Prepared references, plans, and streamed output

prepared <- knn_prepare_bigmatrix(reference, metric = "cosine")
#> Error in `knn_prepare_bigmatrix()`:
#> ! could not find function "knn_prepare_bigmatrix"
prepared_search <- knn_search_prepared(
  prepared,
  query = query,
  k = 2,
  exclude_self = FALSE
)
#> Error in `knn_search_prepared()`:
#> ! could not find function "knn_search_prepared"

prepared_search$index
#> Error:
#> ! object 'prepared_search' not found
round(prepared_search$distance, 4)
#> Error:
#> ! object 'prepared_search' not found

plan <- knn_plan_bigmatrix(
  reference,
  metric = "euclidean",
  memory_budget = "64KB",
  num_threads = 2L,
  progress = FALSE
)
#> Error in `knn_plan_bigmatrix()`:
#> ! could not find function "knn_plan_bigmatrix"

plan
#> Error:
#> ! object 'plan' not found

index_store <- big.matrix(nrow(query), 2, type = "integer")
distance_store <- big.matrix(nrow(query), 2, type = "double")

knn_stream_bigmatrix(
  reference,
  query = query,
  xpIndex = index_store,
  xpDistance = distance_store,
  k = 2,
  plan = plan,
  exclude_self = FALSE
)
#> Error in `knn_stream_bigmatrix()`:
#> ! could not find function "knn_stream_bigmatrix"

bigmemory::as.matrix(index_store)
#>      [,1] [,2]
#> [1,]   NA   NA
#> [2,]   NA   NA
round(bigmemory::as.matrix(distance_store), 3)
#>      [,1] [,2]
#> [1,]   NA   NA
#> [2,]   NA   NA

Exact graph construction

knn_graph_bigmatrix(
  reference,
  k = 1,
  format = "edge_list",
  symmetrize = "union",
  include_distance = FALSE
)
#> Error in `knn_graph_bigmatrix()`:
#> ! could not find function "knn_graph_bigmatrix"

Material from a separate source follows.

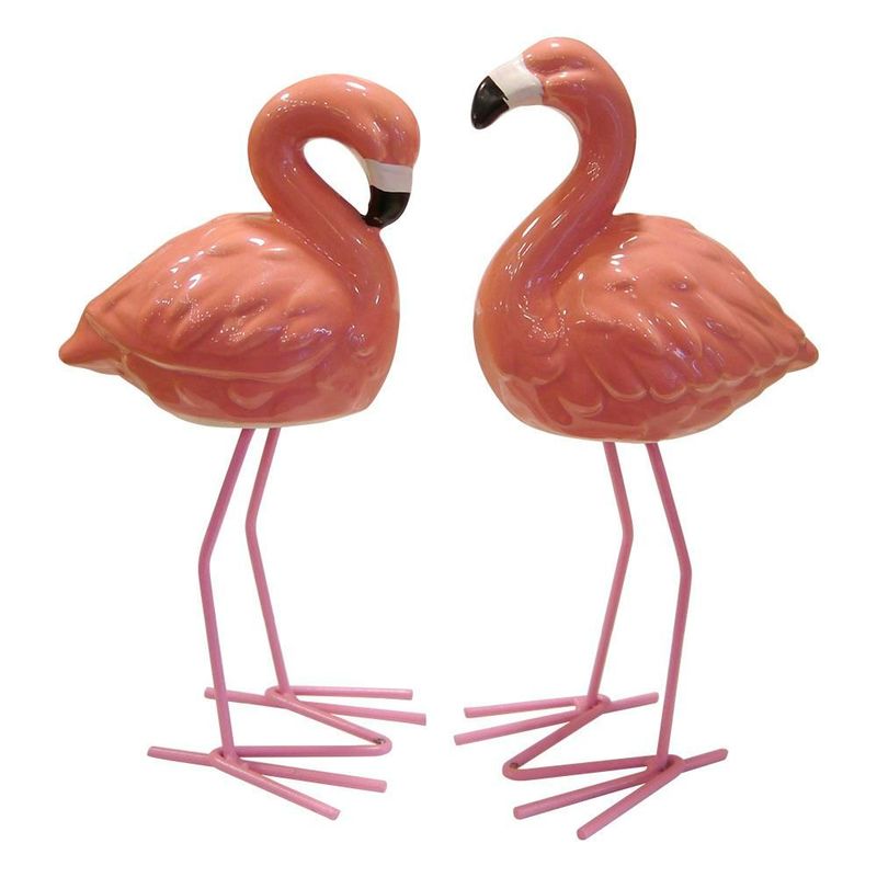 Peça Decorativa Flamingos 17cm Jogo Com 2 Peças Fg-14 The Home

bigKNN can also act as the exact baseline for approximate-search pipelines. The usual pattern is:

  1. compute exact neighbours on an evaluation subset with knn_bigmatrix(),
  2. compare candidate indices with recall_against_exact(), and
  3. rerank wider candidate pools exactly with rerank_candidates_bigmatrix().
exact <- knn_bigmatrix(
  reference,
  query = query,
  k = 2,
  exclude_self = FALSE
)
#> Error in `knn_bigmatrix()`:
#> ! could not find function "knn_bigmatrix"

candidate_pool <- rbind(
  c(6L, exact$index[1, ]),
  c(1L, exact$index[2, ])
)
#> Error:
#> ! object 'exact' not found

recall_against_exact(exact, candidate_pool[, 1:2, drop = FALSE], k = 2)
#> Error in `recall_against_exact()`:
#> ! could not find function "recall_against_exact"

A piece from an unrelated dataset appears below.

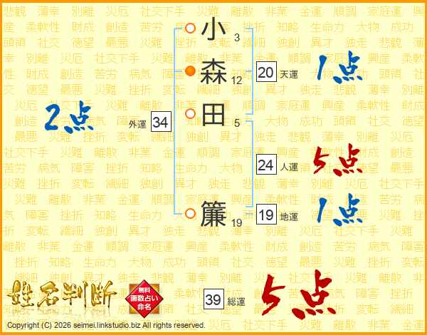 小森田簾さんの総運は39画の5点!

reranked <- rerank_candidates_bigmatrix(
  reference,
  query = query,
  candidate_index = candidate_pool,
  top_k = 2
)
#> Error in `rerank_candidates_bigmatrix()`:
#> ! could not find function "rerank_candidates_bigmatrix"

reranked$index
#> Error:
#> ! object 'reranked' not found
recall_against_exact(exact, reranked, k = 2)
#> Error in `recall_against_exact()`:
#> ! could not find function "recall_against_exact"

Vignettes

The package now ships with focused vignettes for the main workflows:

  • bigknn-quickstart
  • bigknn-prepared-search
  • bigknn-streaming-and-plans
  • bigknn-graphs
  • bigknn-evaluating-approximate-search
  • bigknn-resumable-jobs

Together they cover the basic exact-search API, repeated-query preparation, streamed outputs, exact graph construction, exact-vs-ANN evaluation, and checkpointed long-running jobs.